### [Problem description]
Make an exact copy of all the records, one that contains none of the pictures.

(Dataset records)
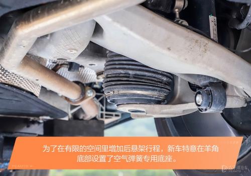 此外,一般车型上减震弹簧会布置在H臂上,而岚图FREE在特意在羊角底部设计了一个底座用于安装空气弹簧,相比传统布局,这样的设计可以让增加空气弹簧的行程,更有利于舒适性的表现。
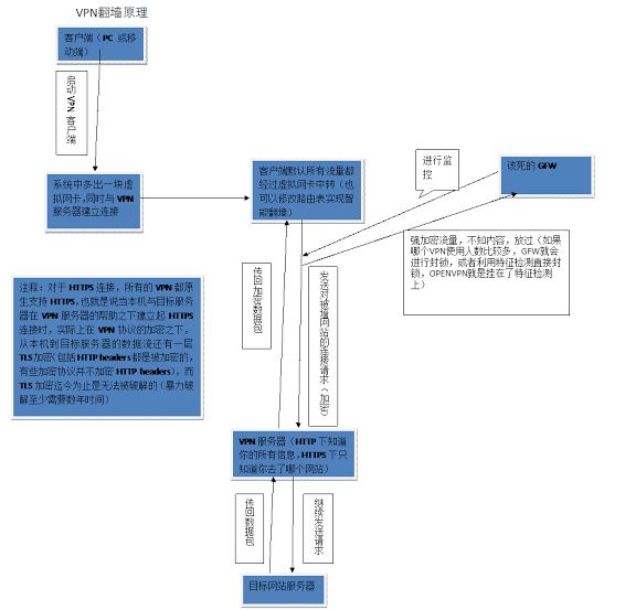 先 介绍一下VPN:VPN是Virtual Private Network(虚拟专用网)的缩写,本来是用于企业的一种网络服务,原理是客户端使用相应的VPN协议先与VPN服务器进行通信,成功连接后就在操作系 统内建立一个虚拟网卡,一般来说默认PC上所有网络通信都从这虚拟网卡上进出,经过VPN服务器中转之后再到达目的地。通常VPN协议都会对数据流进行强 加密处理,从而使得第三方(例如GFW)无法知道数据内容,这样就实现了翻墙。翻墙时VPN服务器知道你干的所有事情(HTTP,对于HTTPS,它知道 你去了哪)。
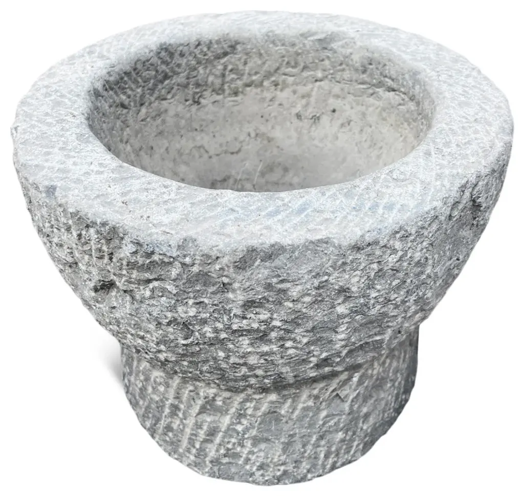Hand carved out of stone, this small light color stone planter is perfect for outdoor as well as indoor use. Item No.: SW1621.1 Dimension: 6.5"D, 4.8"H Material: Stone
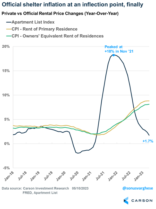 This is in sharp contrast to market-based rental price measures, which have shown a sharp deceleration in rents over the past year. Apartment List’s national rental index peaked at 18% about 18 months ago, but that has decelerated to a 1.7% pace as of April. The official shelter index clearly has a significant lag to this market-based index. But here’s the good news: The official data looks to be at a turning point.
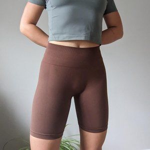 Seamless scrunch bum shorts in brown. Not squatproof but super soft and comfy for lounging
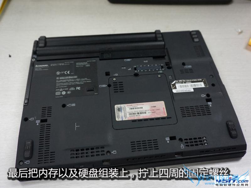 最后把内存、硬盘以及电池组装上,拧上四周的固定螺丝即可。
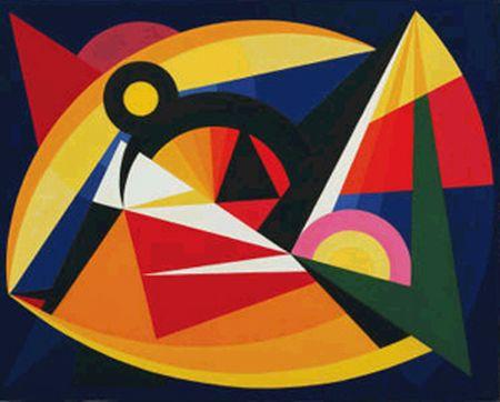 “Der französische Maler Auguste Herbin (1882–1960) gilt als ein Revolutionär der Moderne und einer der Begründer der Abstraktion in Frankreich. Kurz nach der Jahrhundertwende beginnt er mit spätimpressionistischen Landschaften, Stillleben und Porträts, schon jetzt in leuchtenden, dabei harmonisch gehandhabten Farben, die in der darauffolgenden fauvistischen Phase wild werden und es ein Leben lang bleiben. …In den späten 1930er Jahren beschäftigt er sich vermehrt mit Farbtheorien, vor allem mit anthroposophischen Adaptionen von Goethes Farbenlehre. Daraus entwickelt er 1942 sein “alphabet plastique”, ein Regelwerk der reinen Farbtöne und geometrischen Formen, Musiknoten und Buchstaben.” Text Lenbachhaus

### [Task solution]
 此外,一般车型上减震弹簧会布置在H臂上,而岚图FREE在特意在羊角底部设计了一个底座用于安装空气弹簧,相比传统布局,这样的设计可以让增加空气弹簧的行程,更有利于舒适性的表现。
 先 介绍一下VPN:VPN是Virtual Private Network(虚拟专用网)的缩写,本来是用于企业的一种网络服务,原理是客户端使用相应的VPN协议先与VPN服务器进行通信,成功连接后就在操作系 统内建立一个虚拟网卡,一般来说默认PC上所有网络通信都从这虚拟网卡上进出,经过VPN服务器中转之后再到达目的地。通常VPN协议都会对数据流进行强 加密处理,从而使得第三方(例如GFW)无法知道数据内容,这样就实现了翻墙。翻墙时VPN服务器知道你干的所有事情(HTTP,对于HTTPS,它知道 你去了哪)。
Hand carved out of stone, this small light color stone planter is perfect for outdoor as well as indoor use. Item No.: SW1621.1 Dimension: 6.5"D, 4.8"H Material: Stone
 This is in sharp contrast to market-based rental price measures, which have shown a sharp deceleration in rents over the past year. Apartment List’s national rental index peaked at 18% about 18 months ago, but that has decelerated to a 1.7% pace as of April. The official shelter index clearly has a significant lag to this market-based index. But here’s the good news: The official data looks to be at a turning point.
 Seamless scrunch bum shorts in brown. Not squatproof but super soft and comfy for lounging
 最后把内存、硬盘以及电池组装上,拧上四周的固定螺丝即可。
 “Der französische Maler Auguste Herbin (1882–1960) gilt als ein Revolutionär der Moderne und einer der Begründer der Abstraktion in Frankreich. Kurz nach der Jahrhundertwende beginnt er mit spätimpressionistischen Landschaften, Stillleben und Porträts, schon jetzt in leuchtenden, dabei harmonisch gehandhabten Farben, die in der darauffolgenden fauvistischen Phase wild werden und es ein Leben lang bleiben. …In den späten 1930er Jahren beschäftigt er sich vermehrt mit Farbtheorien, vor allem mit anthroposophischen Adaptionen von Goethes Farbenlehre. Daraus entwickelt er 1942 sein “alphabet plastique”, ein Regelwerk der reinen Farbtöne und geometrischen Formen, Musiknoten und Buchstaben.” Text Lenbachhaus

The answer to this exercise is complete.